Plot profile likelihood

Question

So, I have a generated data from a nonlinear model $$y_i = \eta_1 - 2\theta \eta_2 x_i + \eta_2 x_i^2 + e_i,$$ where $e_i \sim N(0,\sigma^2)$. What I want is to find the profile log-likelihood for $\theta$. Now, like in linear regression, I can write the log-likelihood

$$L(\eta_1,\theta,\eta_2) = -n\log(\sigma) - \frac{n}{2}\log(2\pi) - \frac{1}{2\sigma^2}\sum_{i=1}^{n} \left(y_i - (\eta_1 - 2\theta \eta_2 x_i + \eta_2 x_i^2) \right)^2.$$ Hence, what I need is $\hat{\eta}_1,\hat{\eta}_2$ by maximizing $L(\eta_1,\theta,\eta_2)$ with $\theta$ fixed. But, can I do this analytically? Those maximums should be a function of $\theta$ and also the data (in order to plot the profile log-likelihood for $\theta$)? Thanks

jld · Accepted Answer · 2022-12-28T17:09:16.360

I'll use $\mu_i = \eta_1 - 2\theta\eta_2x_i + \eta_2 x_i^2$ for convenience. If we're thinking of $\mu_i$ as a function of $\theta$, so only $\eta_1$ and $\eta_2$ are parameters, then we can write this as $$ \mu_i = \eta_1 + \eta_2(-2\theta x_i + x_i^2) = \eta_1 + \eta_2 z_i $$ for $z_i = -2\theta x_i + x_i^2$. This is just a simple linear regression now so $$ \begin{aligned} &\hat\eta_1 = \bar y - \hat\eta_2 \bar z \\& \hat\eta_2 = \frac{\sum_i (z_i -\bar z)(y_i - \bar y)}{\sum_i (z_i - \bar z)^2} \end{aligned} $$ so all together the profiled log-likelihood is $$ \ell_p(\theta) = \ell(\hat\eta_1(\theta), \theta, \hat\eta_2(\theta)) \\ = -\frac n2 \log 2\pi\sigma^2 - \frac 1{2\sigma^2}\sum_{i=1}^n (y_i - \hat \eta_1(\theta) - \hat \eta_2(\theta)\cdot(- 2\theta x_i + x_i^2))^2. $$

Here's an example in R:

set.seed(132)
theta <- 1.23; eta1 <- -.55; eta2 <- .761
sigma <- .234
n <- 500
x <- rnorm(n, -.5)
y <- eta1 - 2 * theta * eta2 * x + eta2 * x^2 + rnorm(n, 0, sigma)
profloglik <- function(theta, sigma, x, y) {
  z <- -2 * theta * x + x^2  # creating the new feature in terms of theta
  mod <- lm(y ~ z)  # using lm to do the simple linear regression
  sum(dnorm(y, fitted(mod), sigma, log=TRUE)) # log likelihood 
}
theta_seq <- seq(-10, 10, length=500)
liks <- sapply(theta_seq, profloglik, sigma=sigma, x=x, y=y)
plot(liks ~ theta_seq, type="l", lwd=2,
     main=bquote("Profiled log-likelihood for" ~ theta),
     ylab="profiled log lik", xlab=bquote(theta))
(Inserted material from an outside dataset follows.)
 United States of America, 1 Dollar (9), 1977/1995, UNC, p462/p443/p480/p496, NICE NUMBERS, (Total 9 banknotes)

Shouldn't the denominator for the $\hat{\eta}_2$ estimate be $\sum_i(z_i- \bar{z})^2$? — dipetkov, Dec 26 '22 at 12:49

dipetkov · Answer 2 · 2023-01-03T09:50:22.737

This is an appendix to @jld's answer (+1), which assumes that the error variance $\sigma^2$ is known.

Alternatively, we can treat $\sigma^2$ as another parameter to maximize while profiling the log-likelihood for $\theta$. This is straightforward to do in a linear regression:

$$ \begin{aligned} \widehat{\sigma}_\mu^2 = \frac{1}{n}\sum_i(y_i - \mu_i)^2 \end{aligned} $$

The updated profile log-likelihood plot illustrates how eliminating $\sigma^2$ by maximizing it instead of fixing it to a specific value concentrates the inference on the parameter of interest $\theta$. The vertical red line is at the true value $\theta = 1.23$.
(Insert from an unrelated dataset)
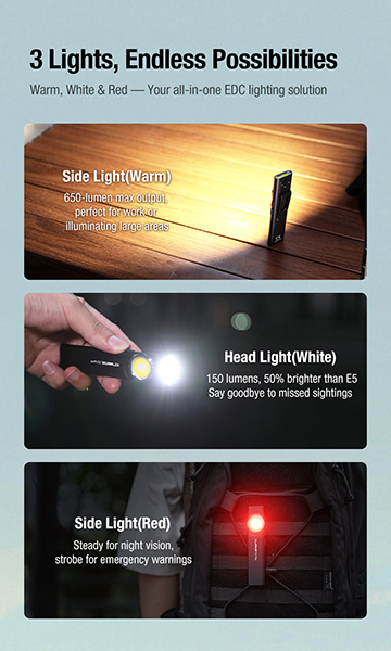 Particulièrement polyvalente, la E5 Plus inclut une base magnétique puissante pour un éclairage mains libres et un clip robuste pour usage en lampe d'angle droit. Son ergonomie améliorée présente des interrupteurs positionnés 8mm plus haut que l'E5 original pour une facilité d'utilisation accrue. Ultra-compacte avec seulement 39 grammes, cette lampe de travail combine performance et portabilité.

Following a suggestion by @kjetilbhalvorsen, I tried to overlay the two graphs on the same plot. This is hard to do when plotting log-likelihoods: notice how different the y-axis limits are between @jld's graph and mine. So instead I plot the profile likelihood, scaled so that the upper limit on the y-axis is 1: $L_P(\theta) / \max L_P(\theta) = L_P(\theta) / L_P(\widehat{\theta}_{MLE})$. I also limit the x-axis to the range of $\theta$ where the profile likelihood is most regular (ie. most like a quadratic function). Outside of that range $L_P(\theta)$ is negligible.
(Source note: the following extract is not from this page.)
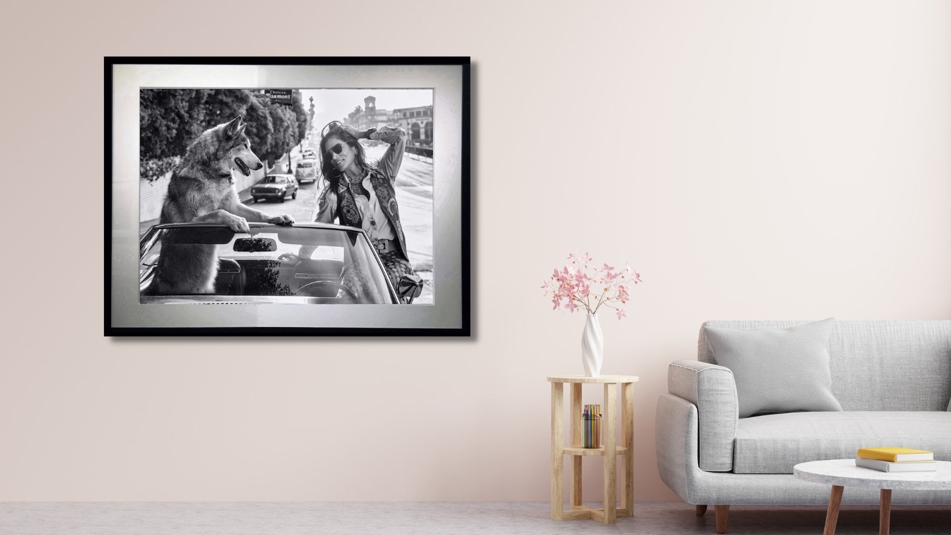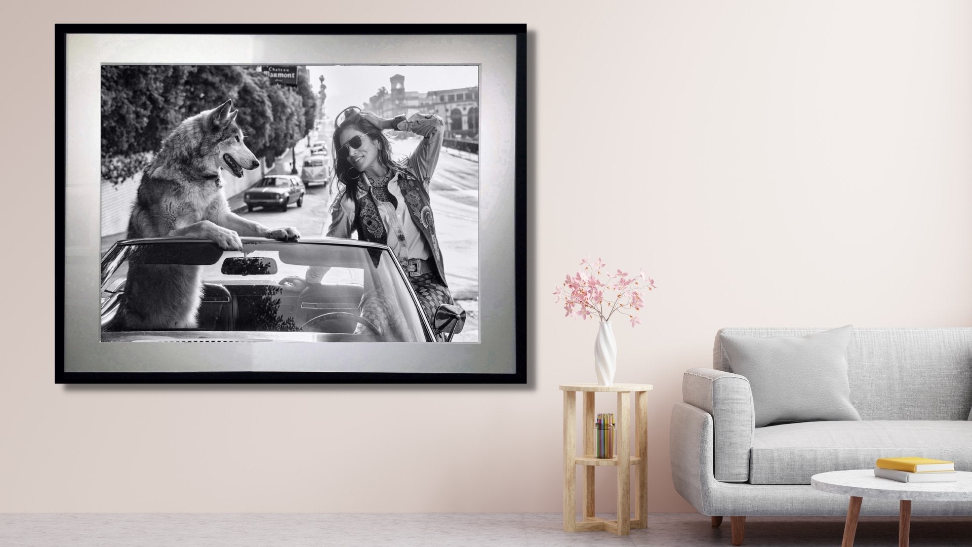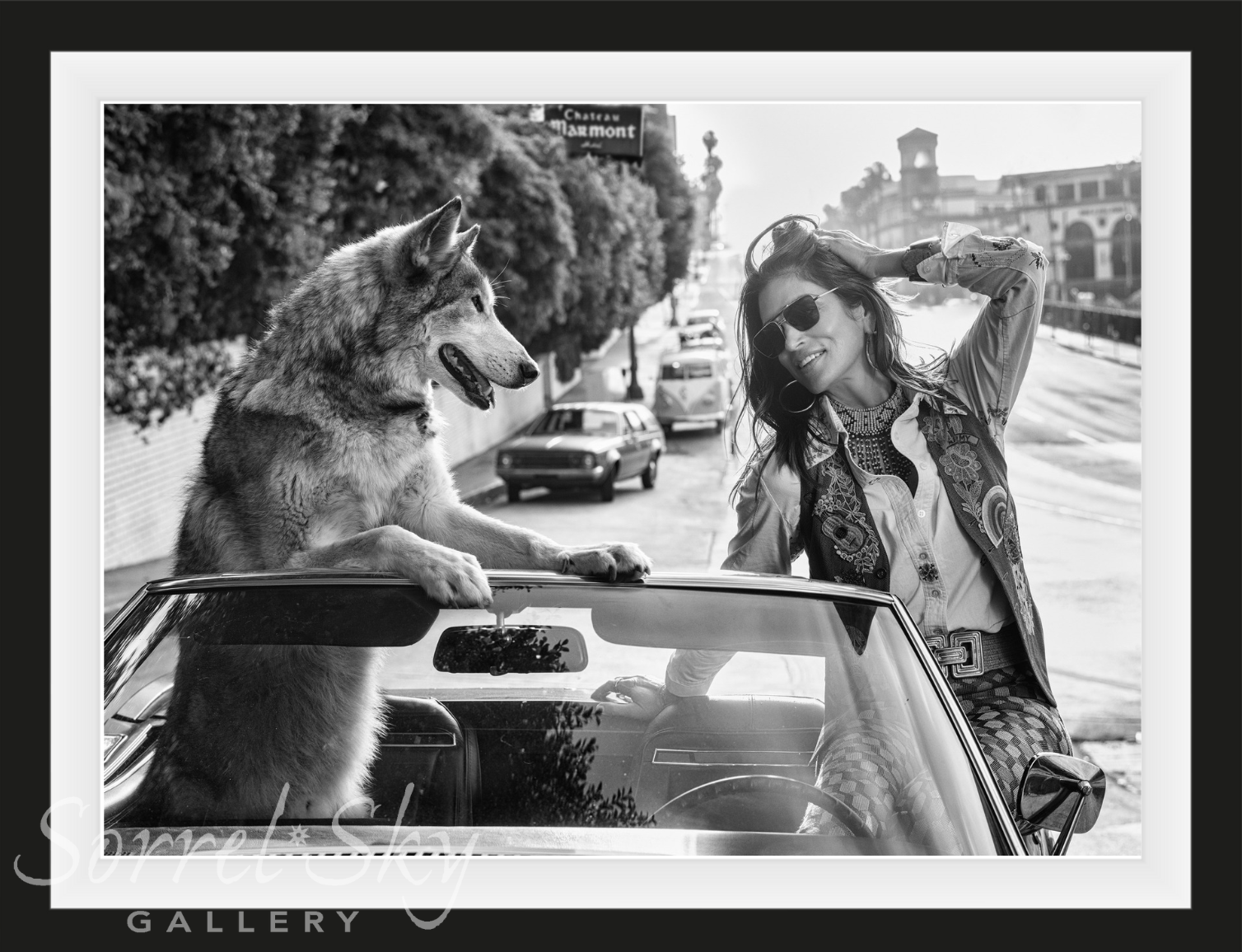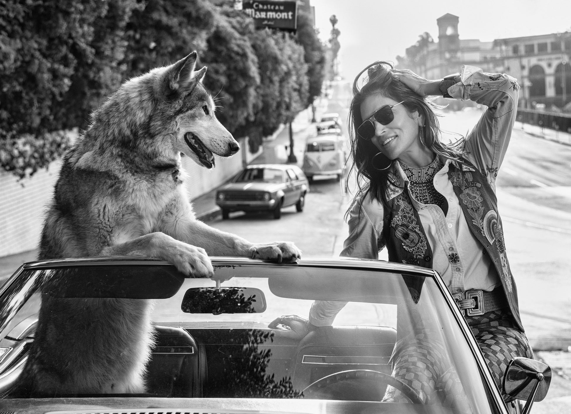 This mid 70s styled picture, featuring the iconic Cindy Crawford, is a Chateau Marmont parable with a wry twist. In the UK we have many numbers of pubs called “The Fox and Hound” and here, arriving at the hotel entrance in LA, is the ultimate “Fox” - Cindy, with the most excited of hounds.

For fun, I add the profile likelihood at two other fixed values for the error standard deviation: 1.2$\sigma$ and 0.8$\sigma$. Both values are "wrong" and lead to worse inference for $\theta$ than when we estimate $\widehat{\sigma}$: with 1.2$\sigma$ we underestimate how much we learn about $\theta$ from the data and with 0.8$\sigma$ we ignore (unknown) variability. In this example the difference among the four choices for the error variance are small. However, it still illustrates that in general — unless we know the true value of a parameter or have a very accurate estimate of it — we are better off eliminating the nuisance parameter by maximizing it rather than plugging in a wrong value.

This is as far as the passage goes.